▸ **WHAT IS EXPECTED**
Any picture in the listing is left out of the copy; all else is duplicated exactly.

===== SUPPLIED MATERIAL =====

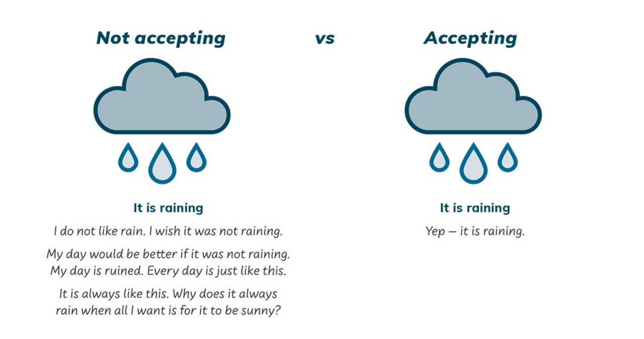 - Mọi người thường nghĩ rằng chấp nhận là phải đồng tình với thực tế đang diễn ra. Nhưng không, chấp nhận không có nghĩa là chúng ta cảm thấy những thực tế không mong muốn này là những điều tốt hay dễ chịu cả.
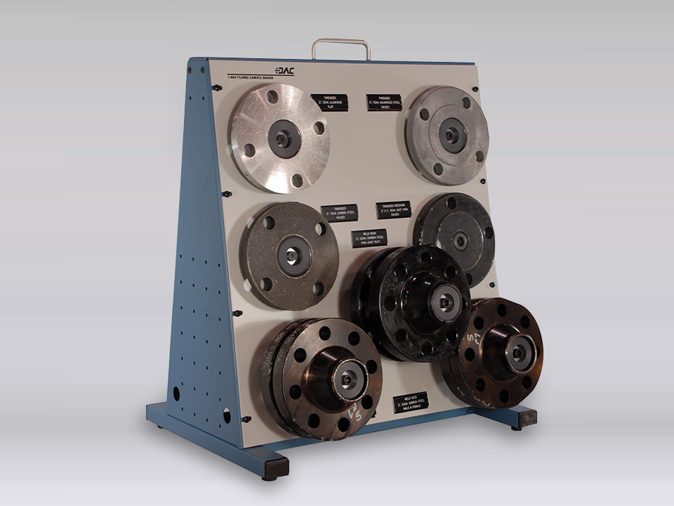 DAC Worldwide’s Flange Sample Board (864-PAC) provides a hands-on teaching aid for piping system training, pipe fitting training, and process operations training. This industrial process system training supplement includes 15 different types of flanges on two rack-mounted panels with magnetic identification tags. These industrial flanges include a variety of face types, materials, pressure ratings, and pipe connections.
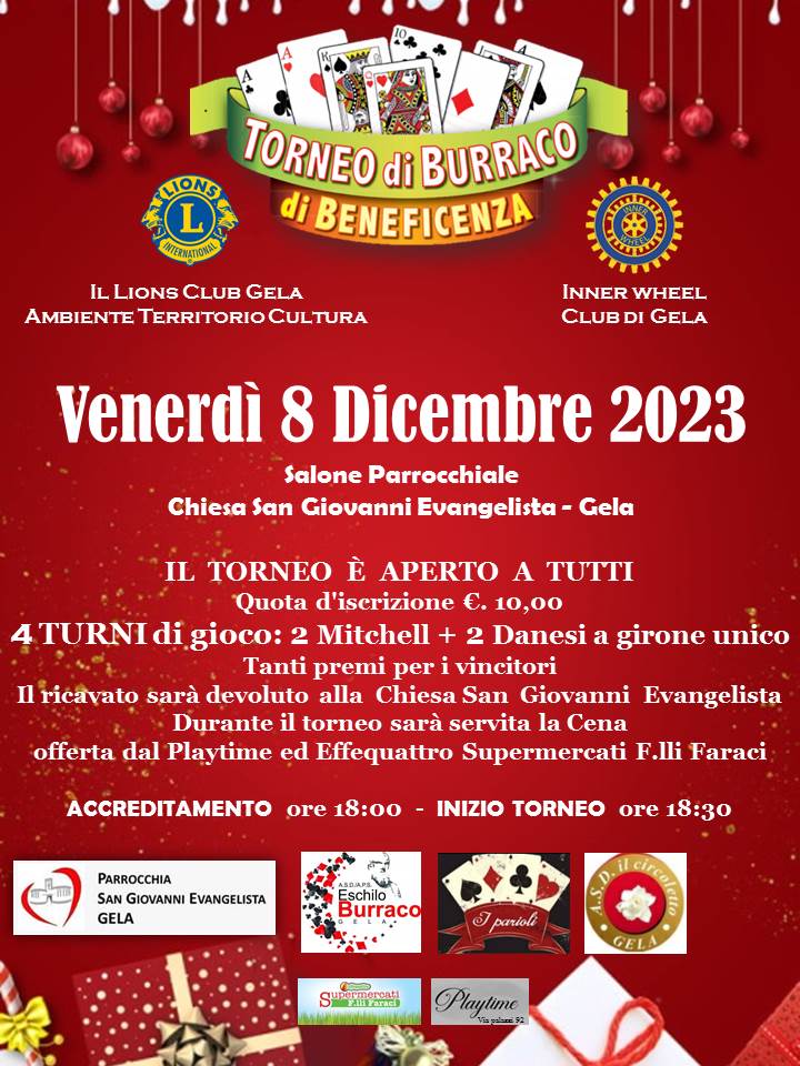 Il torneo di burraco si è svolto nel salone parrocchiale della chiesa di Macchitella: vi hanno partecipato appassionati del gioco da tavolo e rappresentanti dei club service che hanno potuto assaporare una cena offerta da due aziende locali. “in tempo di Natale – hanno commentato le due presidenti Romano e Licata – è bello pensare a chi ha meno degli altri e con questa iniziativa dal sapore natalizio e dai contorni divertenti potremo contribuire a rendere dolci le feste di tanti persone con qualche problema economico in più”.

=====

▸ **EXPECTED ANSWER**
 - Mọi người thường nghĩ rằng chấp nhận là phải đồng tình với thực tế đang diễn ra. Nhưng không, chấp nhận không có nghĩa là chúng ta cảm thấy những thực tế không mong muốn này là những điều tốt hay dễ chịu cả.
 DAC Worldwide’s Flange Sample Board (864-PAC) provides a hands-on teaching aid for piping system training, pipe fitting training, and process operations training. This industrial process system training supplement includes 15 different types of flanges on two rack-mounted panels with magnetic identification tags. These industrial flanges include a variety of face types, materials, pressure ratings, and pipe connections.
 Il torneo di burraco si è svolto nel salone parrocchiale della chiesa di Macchitella: vi hanno partecipato appassionati del gioco da tavolo e rappresentanti dei club service che hanno potuto assaporare una cena offerta da due aziende locali. “in tempo di Natale – hanno commentato le due presidenti Romano e Licata – è bello pensare a chi ha meno degli altri e con questa iniziativa dal sapore natalizio e dai contorni divertenti potremo contribuire a rendere dolci le feste di tanti persone con qualche problema economico in più”.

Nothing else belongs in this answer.